Monday, September 22, 2008

Trying To Not Touch While Trying To Not Try Too Hard

8/2/08
Saturday, August, 2nd, 2008 at 10:54pm

Almost eleven o'clock, and then Crusipher will be off work, and will be coming home. For now, at least, I can be sure of him coming home. He has (of course) promised (again) to quit drinking, to stop hanging out with his "friends" and to be loving towards me... I really think that quiting drinking alone would change so much if he could just do it permanantly... Can he? I've heard that a relapse is still part of the journey towards quiting for most people, but... Should it take over a year? And he hasn't even been sure he wanted to quit for a good part of the time.
In other news, today went well. Here's a clip from an IM with Mott right now:

Him: "well that wasnt' long.. u just saw you less than 30 minute ago"
Me: "I just saw me. LOL"
Him: "meh, i knew what i meant"
Me: "I know, I kinda of suspected you'd sign on. I'm writing an entry for my blog. XD"
Him: "i will always sign on"
Me: "I guessed."
Him: "we just spent over 8 hours together... dayum"
Me: "I liked it."
Him: "and we didn't talk very philosophical at all. we just hung out"
Me: "Indeed. We behaved like normal teenagers."
Him: "yea it was fun, I had wondered what it would be like after the whole "deep" freind thing had been acheived and here it is. you know, i think im just paranoid sometimes tho."
Me: "lol. Yeah. It all happened like in a blink, and now the wave is already passing into calmer waters"

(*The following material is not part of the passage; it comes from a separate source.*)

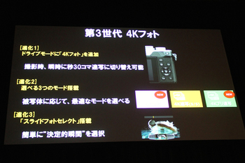 新たな撮影スタイルである、秒間30コマを連写し、撮影後に好きなコマを選び出す「4Kフォト」機能も搭載。撮影時、瞬時に秒30コマ連写に切り替えを可能とするためドライブモードに4Kフォトを追加するなど、同社は本機の4Kフォト機能を第3世代4Kフォトとしている。
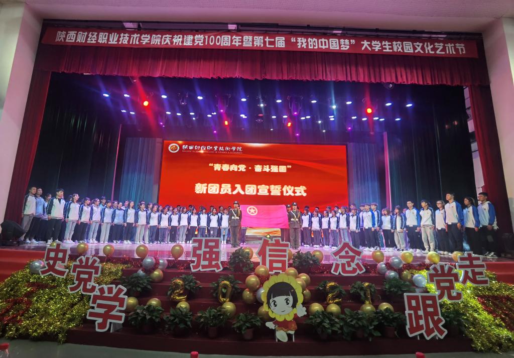 接着举行了“青春向党·奋斗强国”新团员入团宣誓仪式。100名新团员迈着整齐的步伐依次上场,现场佩戴团徽。团委干事王炅带领所有新团员面向团旗庄严宣誓。新团员通过这个仪式将入团誓词牢记在心,深刻体会自己作为一名共青团员的荣誉感和使命感。

So yeah, Mott and I played Tekken 5 for about forty-five minutes, and then Mancala for about another forty-five minutes and then played Civlization IV Beyond the Sword: Fall from Heaven Mod for about five hours. (Tekken is a fighting game we played on my PS2, Mancala is a game played by moving little pebbles around in and out of little wooden depressions, Civilization is my long-time favorite turn-based strategy game, Beyond the Sword is an expansion pack of Civ IV and Fall from Heaven is a kick-ass fantasy mod made by fans.)
Mott says, "listen to this paranoia: At times it felt to me like it seemed that i was almost avoiding making any physical contact of any kind, but I wasn't. I seemed like you led the majority of conversation, but you only were because i was the noobie in most of the stuff we did. i feel like i give off vibes i dont intentionally give off. this has happened before with me and i dont think people notice. That paranoia of mine is another fault. I feel like im always on much thinner ice than other people take me for. But then again, everytime i feel that way, i know im not and actually find out that im not from other sources. thoughts on that?"
I answer, "Yeah, actually. I did notice the whole trying not to touch but also trying to not try to not touch, LOL. I never noticed the conversation thing though, but I talk a lot and am used to usually leading conversations. Many members of my family and Crusipher don't really talk about anything that wasn't brought up by someone else."
It's so cool that he analyzes all that sort of stuff the same way I do. I get paranoid like that all the time, though less than I used to. I generally get paranoid about that sort of stuff with people I'm less comfortable with. Then again, I was a bit paranoid that I was boring him most of the time, or that I was pressuring him to hang out with me somehow, or that I might be wearing out his interest in visiting me, or that I might be coming off as hitting on him, etc. None of that paranoia however really was all that serious, more like passing thoughts.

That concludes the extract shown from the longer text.